Open-lung Protective Ventilation with Pressure Control Ventilation, High-frequency Oscillation, and Intratracheal Pulmonary Ventilation Results in Similar Gas Exchange, Hemodynamics, and Lung Mechanics

Khaled A. Sedeek, Muneyuki Takeuchi, Klaudiusz Suchodolski, Sara O. Vargas, Motomu Shimaoka, Jay J. Schnitzer, Robert M. Kacmarek

Research output: Contribution to journalArticle

34 Citations (Scopus)

Abstract

Background: Pressure control ventilation (PCV), high-frequency oscillation (HFO), and intratracheal pulmonary ventilation (ITPV) may all be used to provide lung protective ventilation in acute respiratory distress syndrome, but the specific approach that is optimal remains controversial. Methods: Saline lavage was used to produce acute respiratory distress syndrome in 21 sheep randomly assigned to receive PCV, HFO, or ITPV as follows: positive end-expiratory pressure (PCV and ITPV) and mean airway pressure (HFO) were set in a pressure-decreasing manner after lung recruitment that achieved a ratio of Pao2/FIO2 > 400 mmHg. Respiratory rates were 30 breaths/min, 120 breaths/min, and 8 Hz, respectively, for PCV, ITPV, and HFO. Eucapnia was targeted with peak carinal pressure of no more than 35 cm H 2O. Animals were then ventilated for 4 h. Results: There were no differences among groups in gas exchange, lung mechanics, or hemodynamics.

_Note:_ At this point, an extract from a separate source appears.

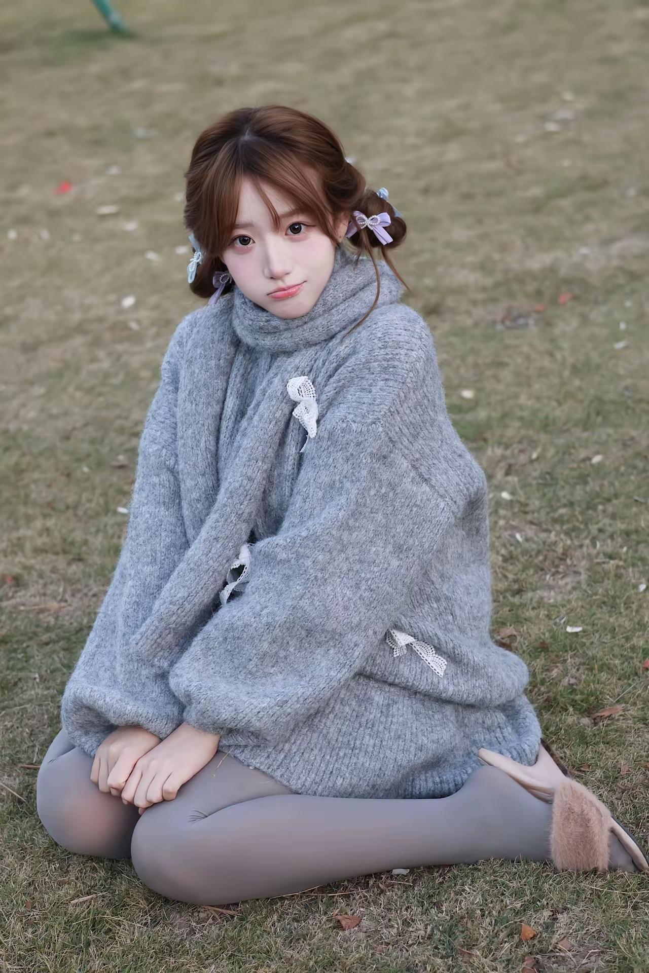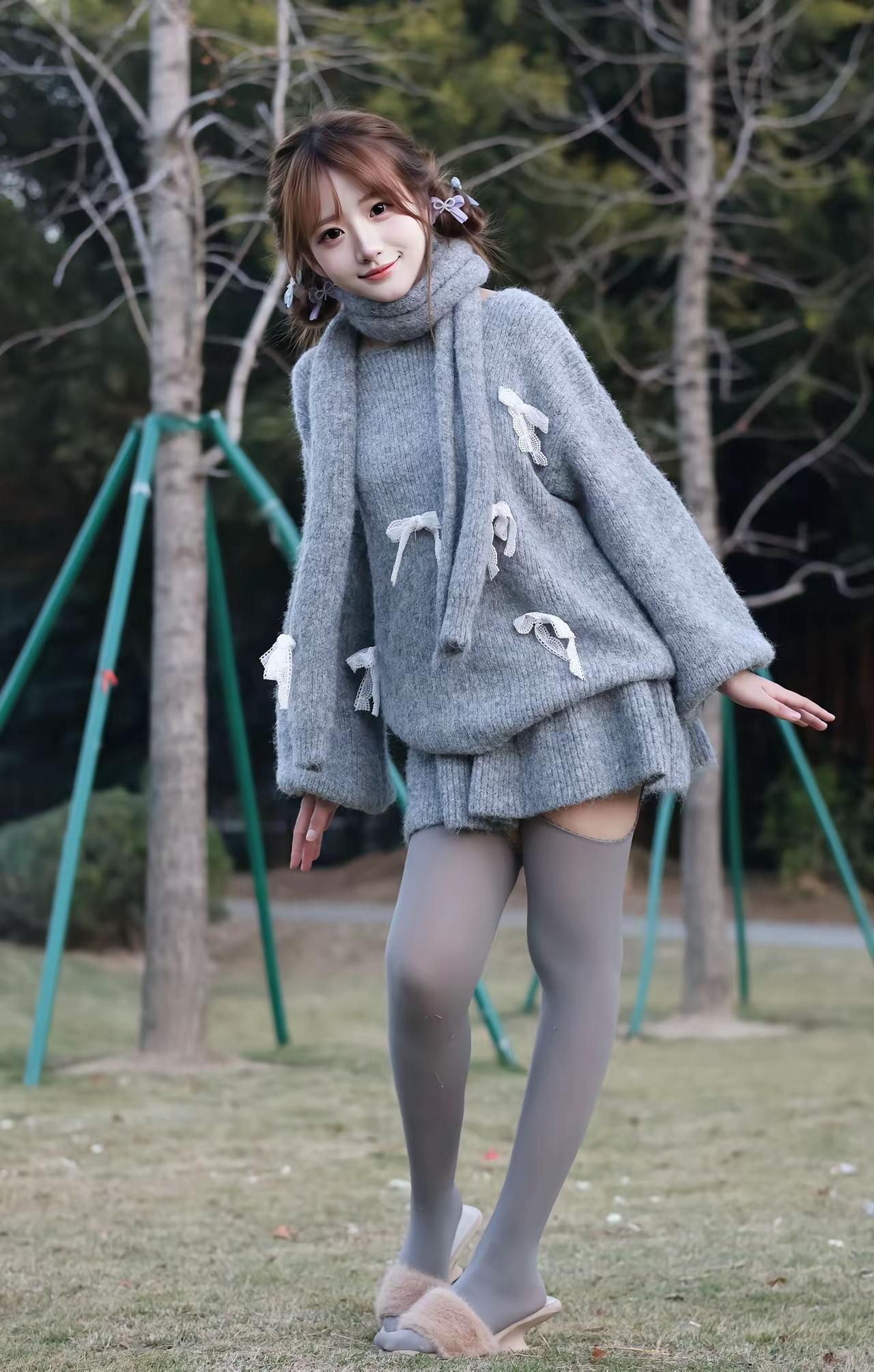 冬日暖阳下,温柔少女漫步在公园里,灰色毛衣与粉色发卡相得益彰,尽显冬日浪漫。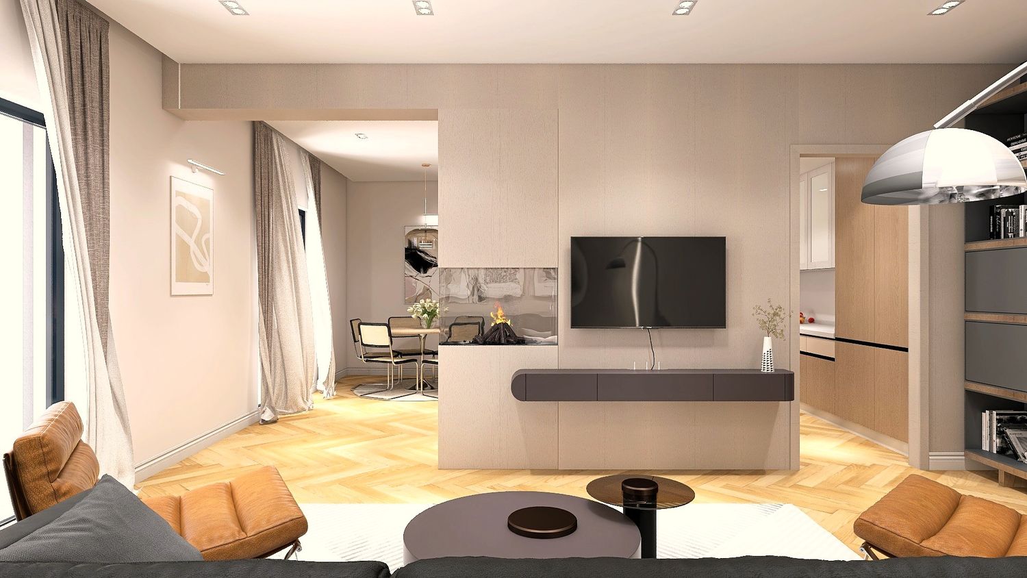 Following your brief, we have developed two design proposals for the apartment, primarily differing in the configuration of the night zone and the internal circulation. Both options are grounded in the same core principles—spatial fluidity, functional clarity, and a contemporary, minimalist expression—while offering alternative interpretations of privacy and movement within the home.

Tidal volume (PCV, 8.9 ± 2.1 ml/kg; ITPV, 2.7 ± 0.8 ml/kg; HFO, approximately 2.0 ml/kg) and peak carinal pressure (PCV, 30.6 ± 2.6 cm H2O; ITPV, 22.3 ± 4.8 cm H2O; HFO, approximately 24.3 cm H2O) were higher in PCV. Pilot histologic data showed greater interstitial hemorrhage and alveolar septal expansion in PCV than in HFO or ITPV. Conclusion: These data indicate that HFO, ITPV, and PCV when applied with an open-lung protective ventilatory strategy results in the same gas exchange, lung mechanics, and hemodynamic response, but pilot data indicate that lung injury may be greater with PCV.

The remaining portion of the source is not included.